■ RAW DATA

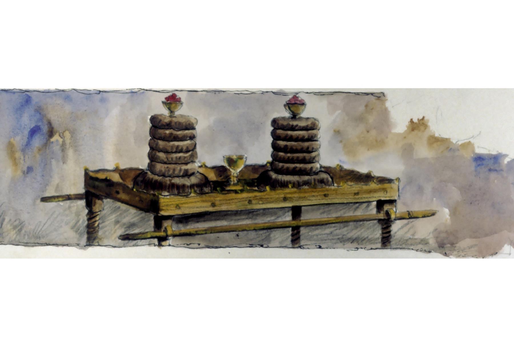 Showbread The Table of Showbread in the Tabernacle that held twelve loaves of bread. Showbread meant Bread of the Presence. The priests ate the bread every Sabbath and replaced it with fresh bread (Exodus 37). table of showbread; tabernacle; exodus 37; bread; loaf; bread of the presence; priest; sabbath; tabernacles; breads; loaves; priests; sabbaths |
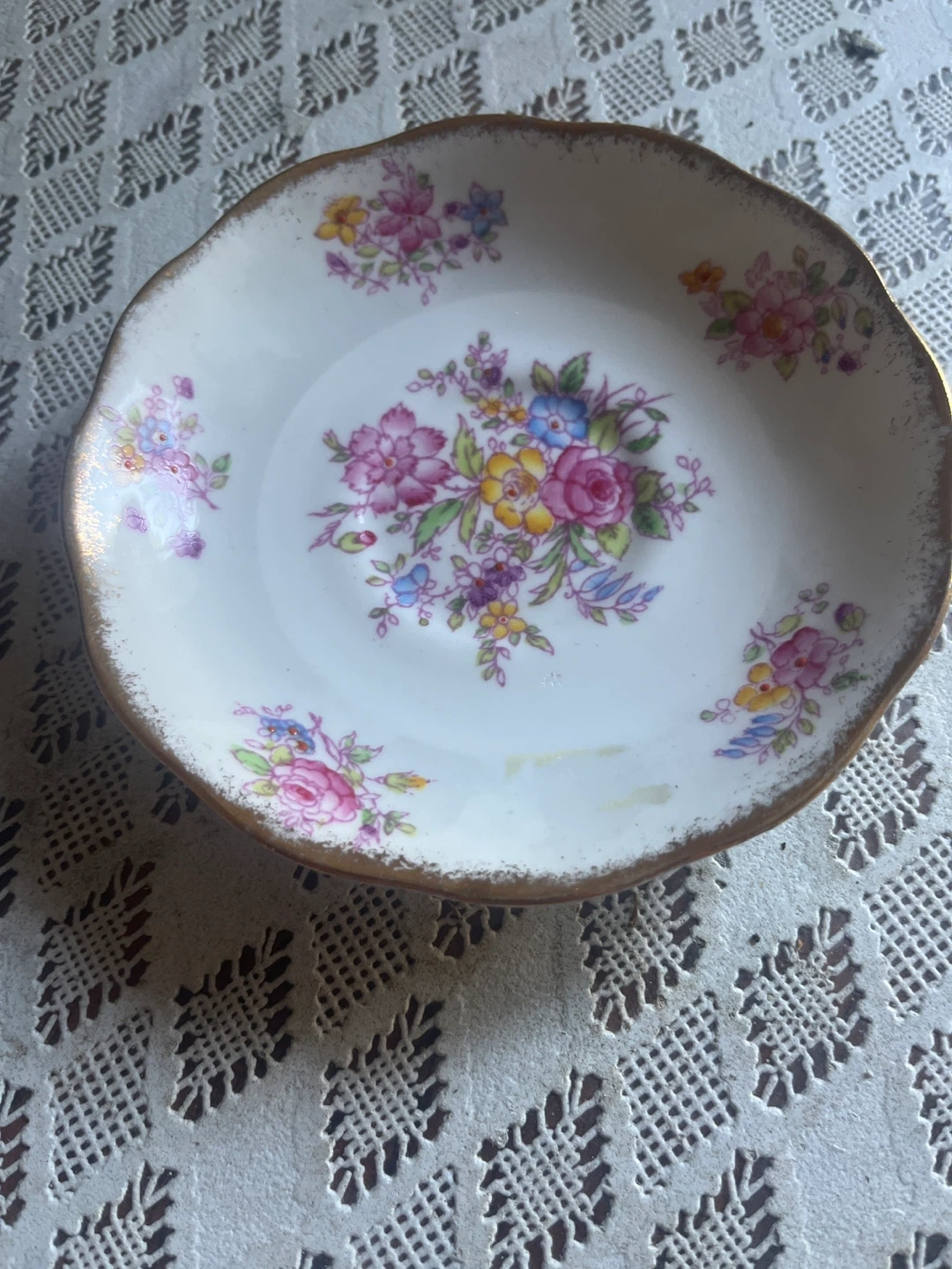 Royal Albert Georgina saucer in Great condition. The saucer has a beautiful floral design with a gold trim. Perfect for completing your tea set or as a decorative piece
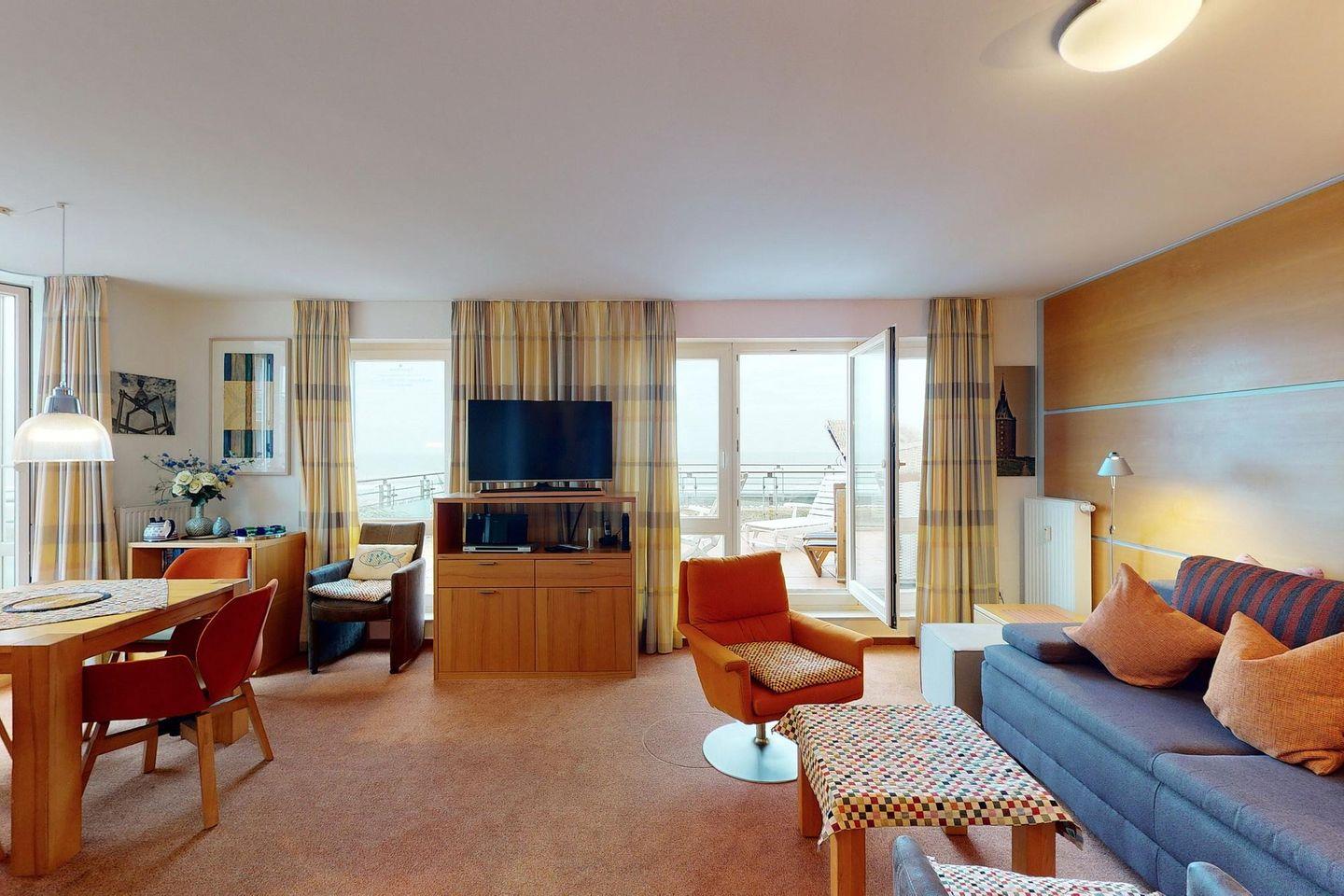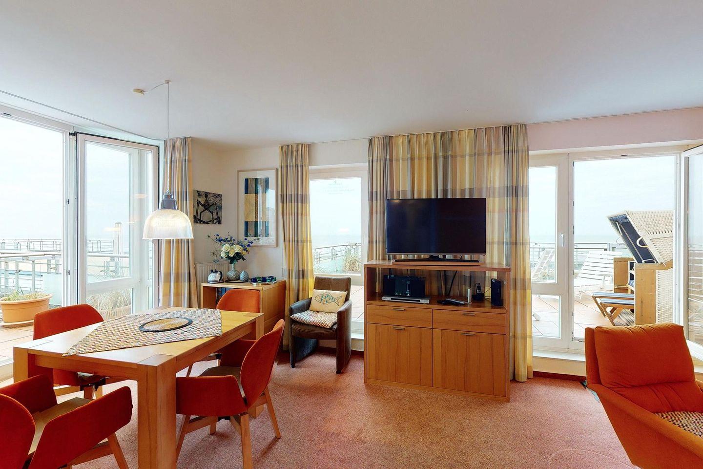 Die 69 m² große 2-Zimmer Ferienwohnung ist für bis zu 3 Personen geeignet. Besonders hervorzuheben ist die große Dachterrasse mit Strandkorb und großartigem Meerblick. Hier werdet ihr allabendlich vom Rauschen der Nordsee in den Schlaf gewiegt.

■ WHAT IS REQUIRED
Minus its pictures, the full listing should be copied verbatim.

■ EXPECTED ANSWER
 Showbread The Table of Showbread in the Tabernacle that held twelve loaves of bread. Showbread meant Bread of the Presence. The priests ate the bread every Sabbath and replaced it with fresh bread (Exodus 37). table of showbread; tabernacle; exodus 37; bread; loaf; bread of the presence; priest; sabbath; tabernacles; breads; loaves; priests; sabbaths |
 Royal Albert Georgina saucer in Great condition. The saucer has a beautiful floral design with a gold trim. Perfect for completing your tea set or as a decorative piece
 Die 69 m² große 2-Zimmer Ferienwohnung ist für bis zu 3 Personen geeignet. Besonders hervorzuheben ist die große Dachterrasse mit Strandkorb und großartigem Meerblick. Hier werdet ihr allabendlich vom Rauschen der Nordsee in den Schlaf gewiegt.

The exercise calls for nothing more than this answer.